Recovery of HMGA1 expression rescinds the effects of the LINC00963 knockdown on MCF-7 and MDA-MB-231 cells. Either the HMGA1-overexpressing plasmid (pc-HMGA1) or the empty pcDNA3.1 vector in combination with si-LINC00963 was introduced into MCF-7 and MDA-MB-231 cells. The transfected cells were studied in the following experiments. (a) The protein expression of HMGA1 in MCF-7 and MDA-MB-231 cells treated as described above was examined by western blotting. ***P < 0.001 vs. si-NC. ^###P < 0.001 vs. si-LINC00963+ pcDNA3.1. (b–e) The CCK-8 assay, flow cytometry, and Transwell migration and invasion assays were carried out to determine the proliferation, apoptosis, migration, and invasiveness of MCF-7 and MDA-MB-231 cells that were cotransfected with si-LINC00963 and either pc-HMGA1 or pcDNA3.1. **P < 0.01 vs. si-NC. ^##P < 0.01 vs. si-LINC00963+ pcDNA3.1. One-way analysis of variance followed by Tukey’s post hoc test was utilized for statistical analysis.

Figure 6.

LINC00963 silencing restrains breast tumor growth in vivo. (a) MCF-7 cells transfected with either si-LINC00963 or si-NC were injected into nude mice. Tumor growth curves revealed that the tumor xenografts grew at a markedly slower rate in the si-LINC00963 group than in the si-NC group. *P < 0.05. **P < 0.01 vs. si-NC. (b) At the end of this experiment, the mice were anesthetized, and tumor xenografts were excised.
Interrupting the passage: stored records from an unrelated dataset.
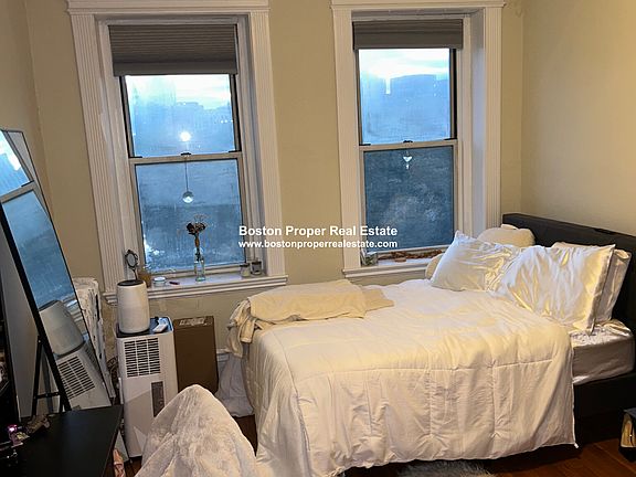 3 bedrooms,. no living room on top floor of grand building along the Fenway. Great street along pretty park on Symphony side of the Fenway. Close to all Fenway schools and greenline. Unit has hardwood floors throughout. Elevator and laundry in the building. Includes heat and hot water. Students ok.
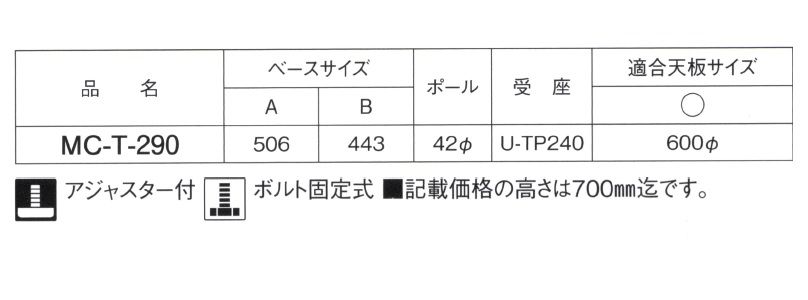 MC-T-290 14 適合天板サイズ丸のみ 600Φ
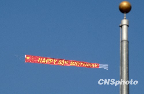 ????為了營造六十周年大慶的喜慶氣氛,主辦方特意租用了一架小型飛機,飛機拖著繪有“五星紅旗”圖案和“六十歲生日快樂”字樣的巨型橫幅在空中穿梭盤旋,引得現(xiàn)場民眾翹首觀看。
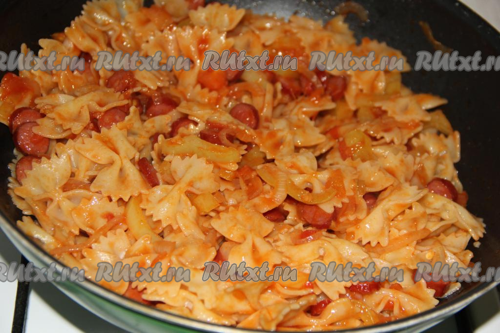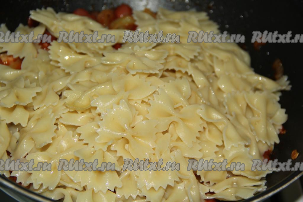 Добавить макароны в сковороду.

The representative images of tumor xenografts are presented. (c) The weight of tumor xenografts obtained from groups si-LINC00963 and si-NC was measured. **P < 0.01 vs. si-NC. (d, e) The levels of LINC00963 and miR-625 in the tumor xenografts were assessed by RT-qPCR. *P < 0.05, **P < 0.01 vs. si-NC. (f) Western blotting was carried out to measure HMGA1 protein expression in the tumor xenografts. **P < 0.01 vs. si-NC. Unpaired student’s t-test is used for all above statistical analysis.